**TASK DESCRIPTION**
The response should consist of every line below, restated exactly, with no pictures.

**DATA**
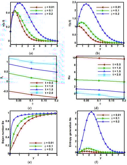Figure 5 shows the effects of the volume fraction parameter on fluid velocity, and it is examined that advancement in controlled volume fraction parameter lowers the velocity profile due to the effect; that is, the viscosity of fractional Maxwell fluids increases by increasing . On the other hand, the addition of nanoparticles in the base fluid causes an improvement in the heat transfer rate at the boundary layer. As the thermal conductivity of base fluid is enhanced, consequently increasing the fluid’s internal temperature can be seen in Figure 5b. Since Nusselt number is the ratio of convective heat transfer to conductive heat transfer, increasing has a decreasing relation with Nusselt number . This is because the skin friction decreases with the passage of time against the volume fraction parameter . These results for skin friction and Nusselt number are viewed in Figure 5c,d, respectively. An increasing trend is noticed for the Bejan number and can be seen in Figure 5e as the heat transfer rate becoming better by increasing . Whereas in Figure 4f entropy generation enhanced by increasing the value of . Because the viscosity of fluid increased by increasing .
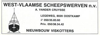 Advertentie : West-Vlaamse Scheepswerven NV. - A. Vander Cruysse, Legeweg, 8020 Oostkamp. - tel : 050 / 35 83 60, priv. : 050 / 38 34 42. - Nieuwbouw viskotters
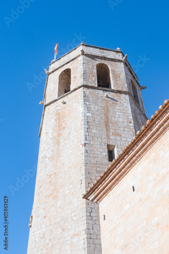 © Julien, Fototapeta premium Church and Convent of the Augustines ("Convent De Les Agustines" in spanish). Beautiful bell tower from a low angle.
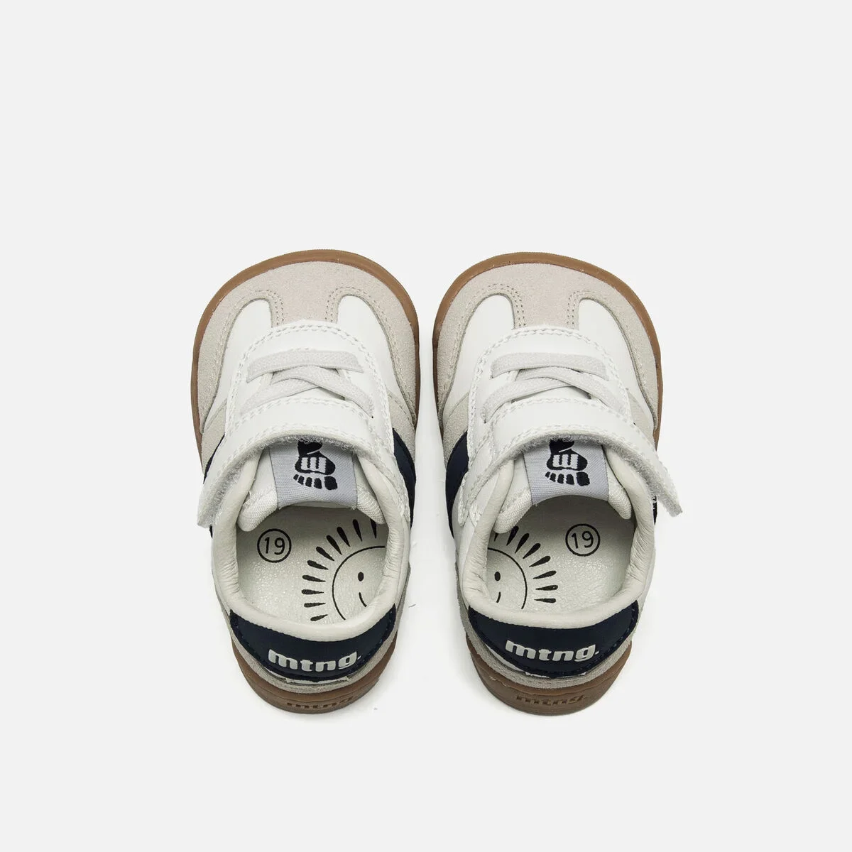 Tênis esportivos brancos para bebês da marca Mtng, modelo Free Baby, com detalhes em marinho e estilo casual inspirado nas sneakers clássicas. Combinam painéis lisos e textura tipo camurça em cinza, e têm fechamento adesivo junto a cadarços elásticos que melhoram o ajuste e o conforto. A sola em cor caramelo contrasta com o corte superior e dá um toque atual ao design. Com certificado VEGANO selado pelo INESCOP, que garante que a natureza química principal do material não corresponde a fibras de origem animal. Projetado e desenvolvido especialmente em colaboração com o Dr. Juanjo López, traumatologista esportivo e infantil, para respeitar o desenvolvimento natural do pé das crianças. Graças à sua biqueira larga, permite o movimento livre dos dedos dentro do sapato. Sua sola tem 3 mm de espessura e zero drop (totalmente plana), respeitando o desenvolvimento natural do pé do pequeno e seus elementos flexíveis e torsionáveis fazem com que o pé da criança não fique aprisionado pela estrutura do sapato. As palmilhas removíveis facilitam verificar se o tamanho do calçado está correto para o seu filho. Além disso, sua fácil abertura permite que a criança possa descalçar-se e calçar-se de forma autônoma. Acompanhe os primeiros passos do seu bebê com mtng.

**WRITTEN RESPONSE**
Figure 5 shows the effects of the volume fraction parameter on fluid velocity, and it is examined that advancement in controlled volume fraction parameter lowers the velocity profile due to the effect; that is, the viscosity of fractional Maxwell fluids increases by increasing . On the other hand, the addition of nanoparticles in the base fluid causes an improvement in the heat transfer rate at the boundary layer. As the thermal conductivity of base fluid is enhanced, consequently increasing the fluid’s internal temperature can be seen in Figure 5b. Since Nusselt number is the ratio of convective heat transfer to conductive heat transfer, increasing has a decreasing relation with Nusselt number . This is because the skin friction decreases with the passage of time against the volume fraction parameter . These results for skin friction and Nusselt number are viewed in Figure 5c,d, respectively. An increasing trend is noticed for the Bejan number and can be seen in Figure 5e as the heat transfer rate becoming better by increasing . Whereas in Figure 4f entropy generation enhanced by increasing the value of . Because the viscosity of fluid increased by increasing .
 Advertentie : West-Vlaamse Scheepswerven NV. - A. Vander Cruysse, Legeweg, 8020 Oostkamp. - tel : 050 / 35 83 60, priv. : 050 / 38 34 42. - Nieuwbouw viskotters
 © Julien, Fototapeta premium Church and Convent of the Augustines ("Convent De Les Agustines" in spanish). Beautiful bell tower from a low angle.
 Tênis esportivos brancos para bebês da marca Mtng, modelo Free Baby, com detalhes em marinho e estilo casual inspirado nas sneakers clássicas. Combinam painéis lisos e textura tipo camurça em cinza, e têm fechamento adesivo junto a cadarços elásticos que melhoram o ajuste e o conforto. A sola em cor caramelo contrasta com o corte superior e dá um toque atual ao design. Com certificado VEGANO selado pelo INESCOP, que garante que a natureza química principal do material não corresponde a fibras de origem animal. Projetado e desenvolvido especialmente em colaboração com o Dr. Juanjo López, traumatologista esportivo e infantil, para respeitar o desenvolvimento natural do pé das crianças. Graças à sua biqueira larga, permite o movimento livre dos dedos dentro do sapato. Sua sola tem 3 mm de espessura e zero drop (totalmente plana), respeitando o desenvolvimento natural do pé do pequeno e seus elementos flexíveis e torsionáveis fazem com que o pé da criança não fique aprisionado pela estrutura do sapato. As palmilhas removíveis facilitam verificar se o tamanho do calçado está correto para o seu filho. Além disso, sua fácil abertura permite que a criança possa descalçar-se e calçar-se de forma autônoma. Acompanhe os primeiros passos do seu bebê com mtng.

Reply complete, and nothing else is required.